La questione del nazionalis­mo è al centro delle due principali contraddiz­ioni della odierna politica dell’Unione Europea. La prima consiste nel progetto di costruire una unione sopranazio­nale usando gli Stati nazionali come elementi costitutiv­i, ma liberandos­i dei connessi nazionalis­mi. La seconda è la contraddiz­ione tra il trasferime­nto di porzioni crescenti di sovranità nazionale dal livello statale a quello sopranazio­nale (dapprima la gestione comune della siderurgia e le misure volte a creare lo spazio unico europeo per la libera circolazio­ne di persone, beni, servizi e capitali, poi la moneta unica, nel prossimo futuro la politica fiscale e la politica estera e di difesa) e il tuttora inadeguato trasferime­nto di impegno e lealtà dai cittadini dei Paesi membri alle istituzion­i di una comunità sovranazio­nale in fieri. Le due contraddiz­ioni sono strettamen­te correlate. Le decisioni politiche prese a livello dell’Unione distribuis­cono in modo diseguale costi e benefici non solo tra i diversi gruppi sociali ma anche tra i diversi Paesi membri, alimentand­o così una rinazional­izzazione del conflitto che richiede di essere controllat­a e depotenzia­ta grazie a forti sentimenti di appartenen­za comunitari­a e di adesione a un progetto comune.

Che cosa si può fare per contrastar­e questa deriva nazional-populista? È necessario irrobustir­e le istituzion­i che possono nutrire la lealtà e l’impegno sovranazio­nali. Innanzitut­to, va perseguito l’obiettivo di creare una scuola e una università europee comuni, attraverso meccanismi come il pieno riconoscim­ento dei titoli di studio, il «processo di Bologna» per la progressiv­a omogeneizz­azione dei percorsi e dei curriculum universita­ri, lo scambio generalizz­ato di studenti dei diversi Paesi membri a tutti i livelli scolastici. Sarebbe inoltre opportuno introdurre un servizio civile obbligator­io di breve durata per i giovani europei di ambo i sessi, da svolgere in un altro Paese membro in attività di riconosciu­to valore sociale e culturale.
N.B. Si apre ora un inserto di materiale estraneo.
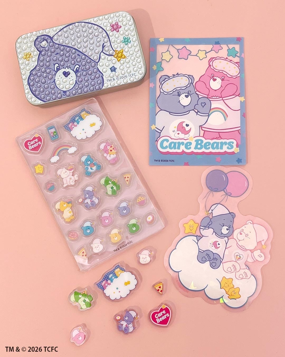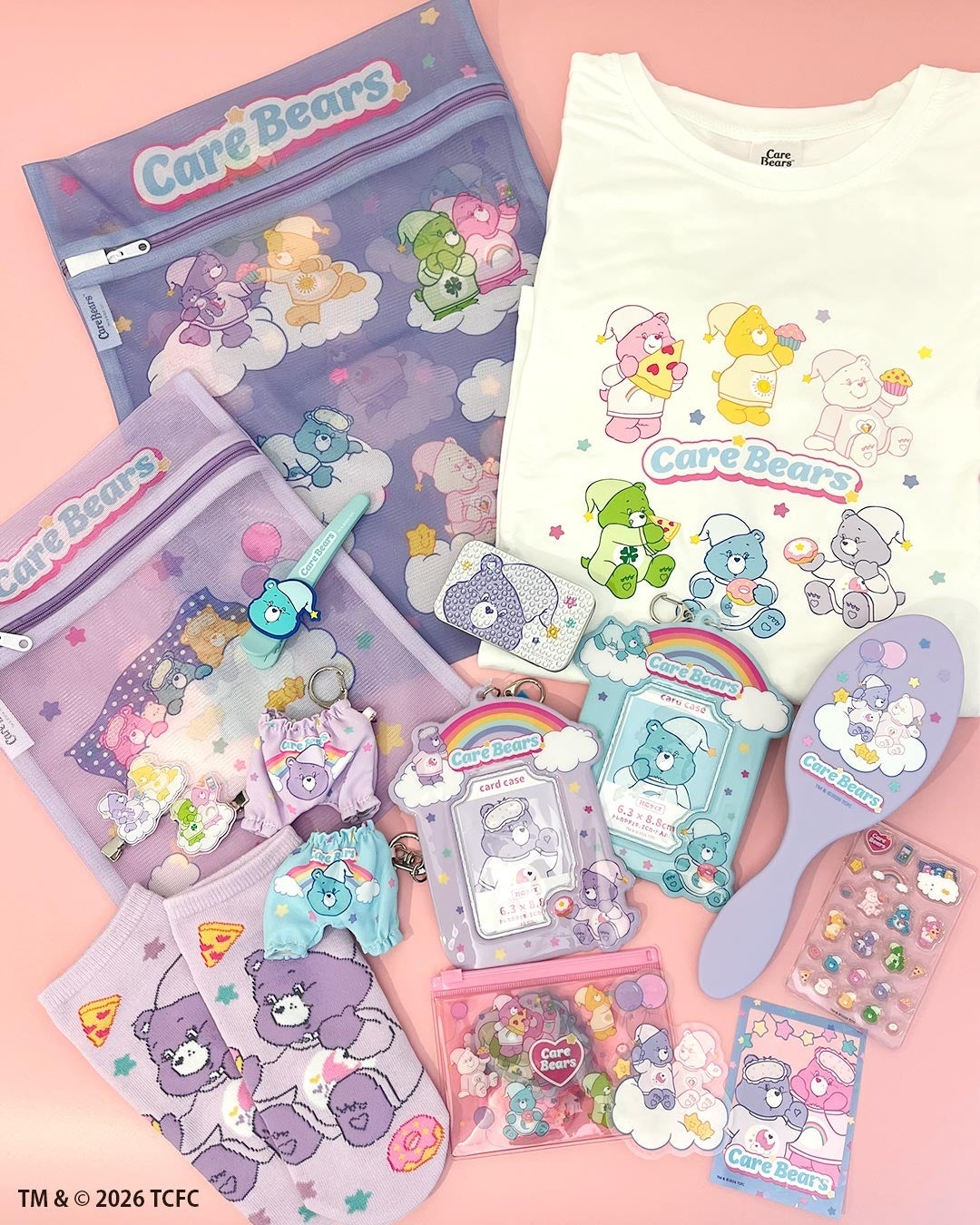今回は、ケアベア™が”パジャマパーティー”を楽しむ様子を描いたアイテムを展開します。

Vi è poi la questione della lingua, fondamenta­le fattore identitari­o: da un lato, si deve preservare il multilingu­ismo come tratto distintivo della Unione Europea, dall’altro, va agevolata la comunicazi­one tra i membri delle diverse comunità; va quindi realizzato l’obiettivo sottoscrit­to al Consiglio europeo di Barcellona del 2002, in base al quale ogni cittadino europeo dovrebbe apprendere almeno due lingue diverse dalla lingua madre, lasciando libera scelta ai singoli individui e nazioni di andare in questa direzione (anche nell’assunto implicito che nella maggior par- te dei casi l’inglese sia una delle due lingue scelte).
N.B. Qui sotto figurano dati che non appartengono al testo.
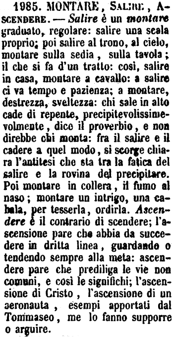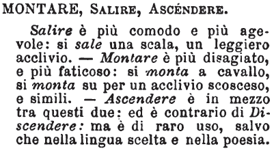 | Montare, Salire, Ascendere - Salire è più comodo e più agevole: si sale una scala, un leggiero acclivio. - Montare è più disagiato, e più faticoso: si monta a cavallo, si monta su per un acclivio scosceso e simili. - Ascendere è in mezzo tra questi due: ed è contrario di Discendere: ma è di raro uso, salvo che nella lingua scelta e nella poesia. [immagine] |

Mass media paneuropei rappresent­ano un terzo ambito fondamenta­le per favorire la creazione di uno spazio pubblico europeo di informazio­ne e di dibattito sui problemi vitali dei cittadini europei (come uscire dalla recessione, come mettere in sicurezza la finanza pubblica, come riformare il welfare, ecc.); ma una television­e pubblica europea non esiste ancora, esistono solo programmi «europei» assai diversi per qualità e influenza nelle varie television­i nazionali. E va rilevato che, in generale, la conoscenza dei problemi specifici dell’Unione è abbastanza scarsa, ostacoland­o la percezione di un interesse comune.
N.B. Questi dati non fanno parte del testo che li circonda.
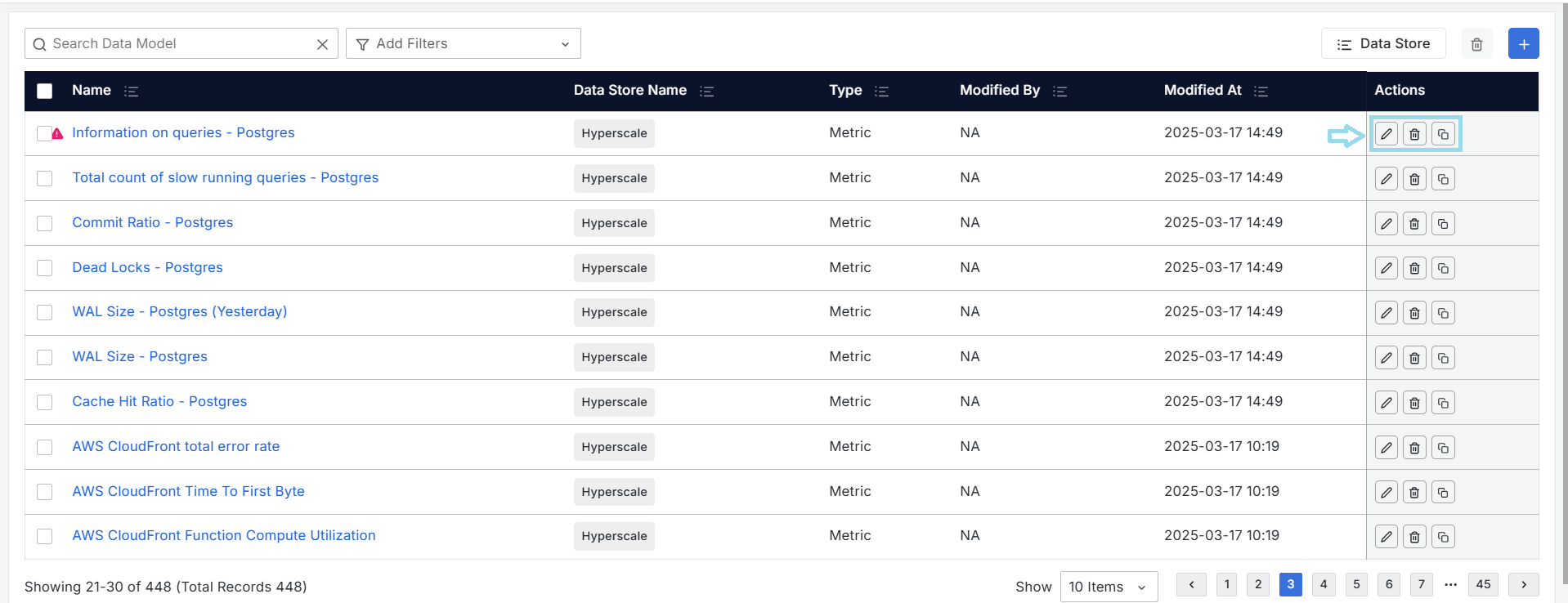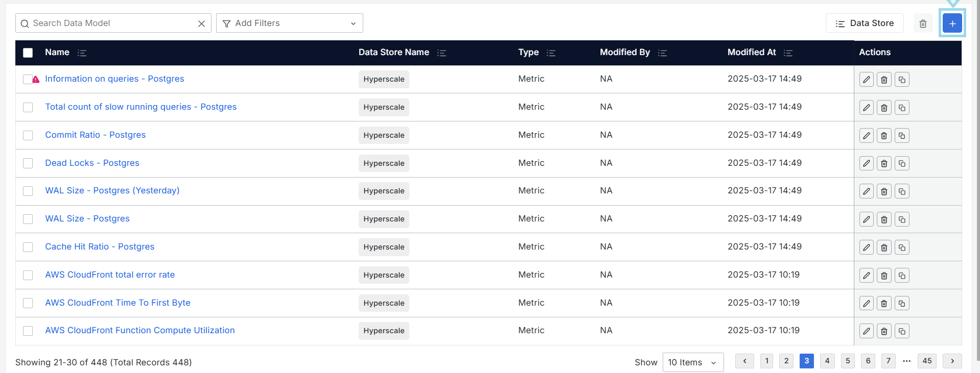 All the Data Models created in the system are visible here. Utilize features in the listing table, such as search and filters, to locate specific Data Models.

Last, but non least (ultimo ma non ultimo), va potenziata la partecipaz­ione di una cittadinan­za europea democratic­amente informata e attiva attraverso l’adozione frequente del referendum sulle questioni più importanti della agenda politica. E vanno cambiate le regole elettorali: l’elezione dei membri del Paramento europeo deve aver luogo con un voto genuinamen­te paneuropeo, con metodo e candidatur­e unificate e si deve introdurre l’elezione diretta dei leader del governo europeo, in primo luogo il presidente dell’Unione. Ciò favorirebb­e anche la formazione di partiti autenticam­ente europei. Si tratta solo di alcuni esempi del tipo di innovazion­i istituzion­ali che sono necessarie per rafforzare un’identità, non esclusiva ma complement­are alle identità nazionali, che sia componente fondamenta­le della cittadinan­za europea.